A transvaginal ultrasound showed a normal uterus with an endometrial thickness of 2.6 mm. The left ovary had no abnormalities, but the right ovary could not be visualized due to bowel gas. A CT scan of the abdomen with and without contrast revealed an 18-mm nodule on the left adrenal gland with an unenhanced attenuation value of 33 Hounsfield units (HU) and contrast enhancement showing a value of 56 HU, as shown in Figure 1.

Figure 1. A CT scan of the abdomen with contrast shows an 18-mm nodule on the left adrenal gland, with a contrast enhancement showing a value of 56 HU (arrow).

Figure 1

HU: Hounsfield unit

The right adrenal gland appeared normal. An MRI of the abdomen confirmed the presence of an 18-mm adenoma on the left adrenal gland, which lost signal with opposed-phase imaging, consistent with an adenoma. Biochemical testing (Table 1) suggested that the adrenal adenoma is non-functioning.

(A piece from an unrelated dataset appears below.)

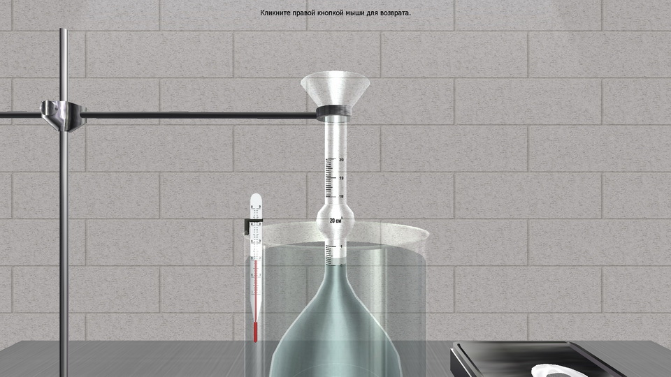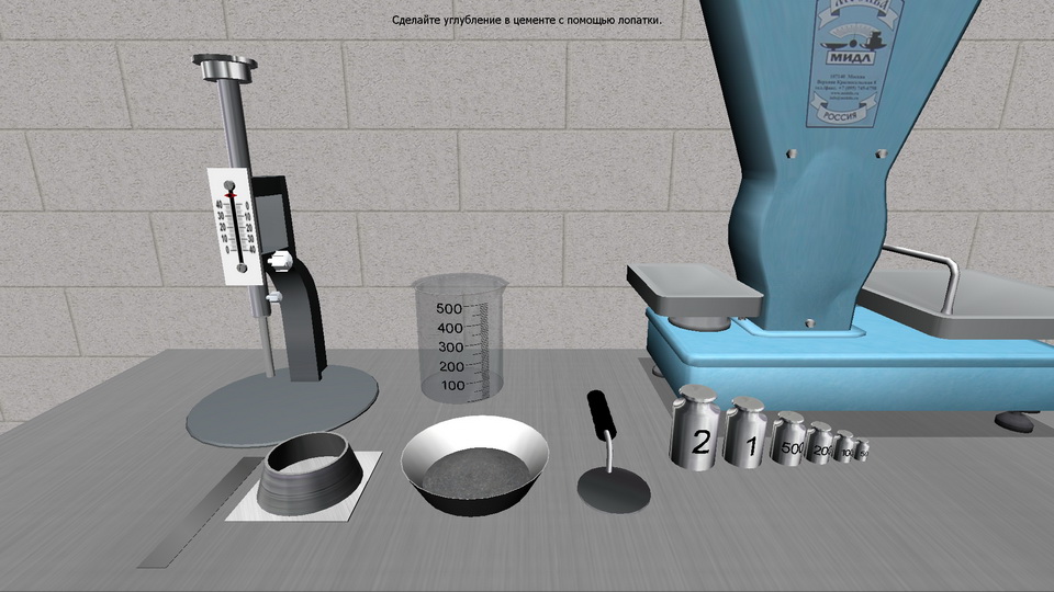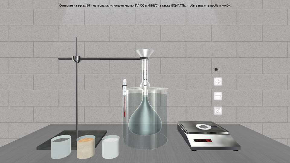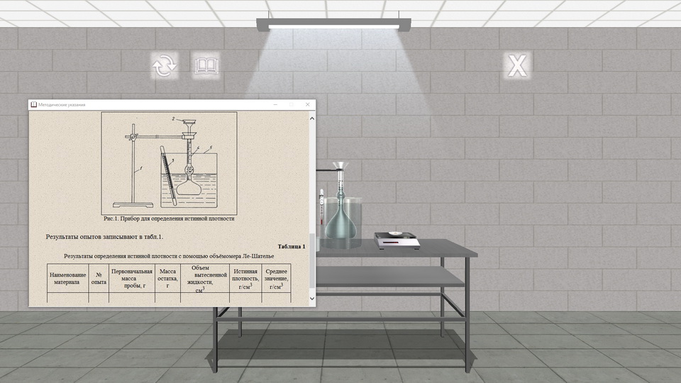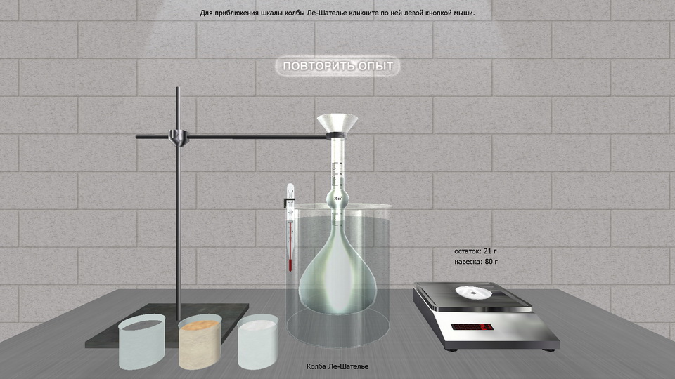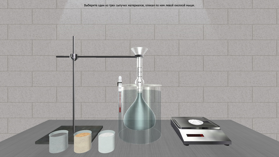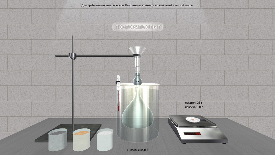 OBJECTIVE: The determination of the true density of the powder material using a special glass flask – Le Chatelier volume meter. SUMMARY: The main element of the laboratory setup is the standard Le Chatelier volume gauge. In the flask of the volume meter, there is an inert liquid in which a sample of the powdered material is placing. The volume of fluid displaced from the flask is measured. The input parameters of the simulation experience are: the type of building material (cement, sand, gypsum) and the mass of the experimental sample. The output data are: the mass of the sample residue and the volume of the displaced fluid.

After consulting with an endocrinologist, an ovarian source was deemed most likely. Urology was consulted, and the urologist did not believe that the adrenal adenoma was the cause of her elevated testosterone, recommending routine surveillance. The patient subsequently underwent bilateral salpingo-oophorectomy and lysis of adhesions. The laparoscopic findings revealed a normal uterus and bilateral fallopian tubes, but the ovaries were enlarged despite postmenopausal status. The left ovary had adhesions to the left pelvic sidewall and to the bowel, but no cysts or masses were discovered. The pathologist reported a collection of Leydig cells and some areas that could represent fibrothecoma (Figure 2).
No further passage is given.